If the clone argument is set to 1, new clones the recognizer object, so that multiple evaluators do not interfere with each other's data. This is the default and is always safe. If clone is set to 0, the evaluator will work directly with the recognizer object which was its argument. See above for more detail.

Marpa options can also be named arguments to new. For these, see Parse::Marpa::Doc::Options.

set

$evaler->set( { trace_values => 1 } );

The set method takes as its one, required, argument a reference to a hash of named arguments. It allows Marpa options to be specified for an evaler object. Relatively few of the Marpa options can be applied at evaluation time, but the cycle_depth option is available, as are the options to control the tracing done at evaluation time. set either returns true or throws an exception.

value

my $result = $evaler->value();

Iterates the evaluator object, returning a reference to the value of the next parse. If there are no more parses, returns undefined. Successful parses may evaluate to a Perl 5 undefined, which the value method will return as a reference to an undefined. Failures are thrown as exceptions.
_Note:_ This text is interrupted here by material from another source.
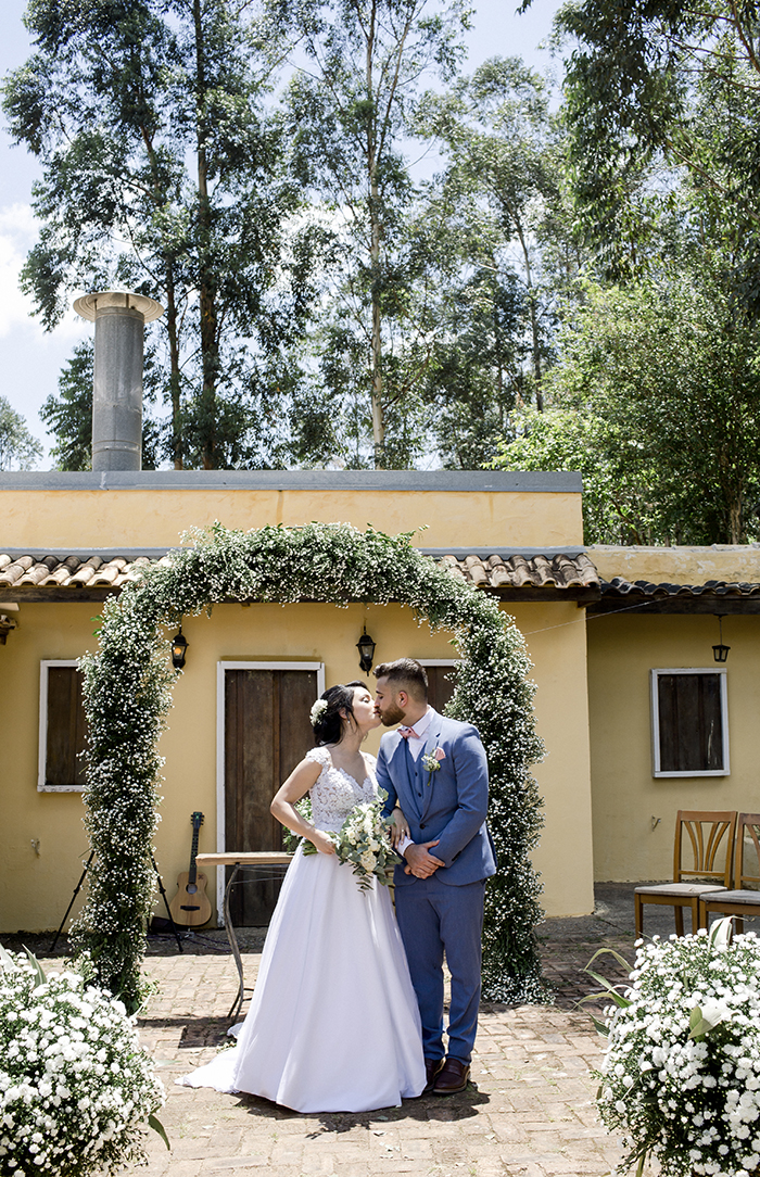 Para o grande dia, Raquel e Matheus contam que: “Buscamos muitas inspirações de casamento no campo apostando nos tons de verde e branco que harmonizam com a natureza e realçam as cores da paisagem natural do lugar”.

When the order of parses is important, it may be manipulated by assigning priorities to the rules and terminals. If a symbol can both match a token and derive a rule, the token match always takes priority. Otherwise the parse order is implementation dependent.

A failed parse does not always show up as an exhausted parse in the recognizer. Just because the recognizer was active when it was used to create the evaluator, does not mean that the input matches the grammar. If it does not match, there will be no parses and the value method will return undefined the first time it is called.

SUPPORT

See the support section in the main module.

AUTHOR

Jeffrey Kegler

LICENSE AND COPYRIGHT

Copyright 2007 - 2008 Jeffrey Kegler

This program is free software; you can redistribute it and/or modify it under the same terms as Perl 5.10.0.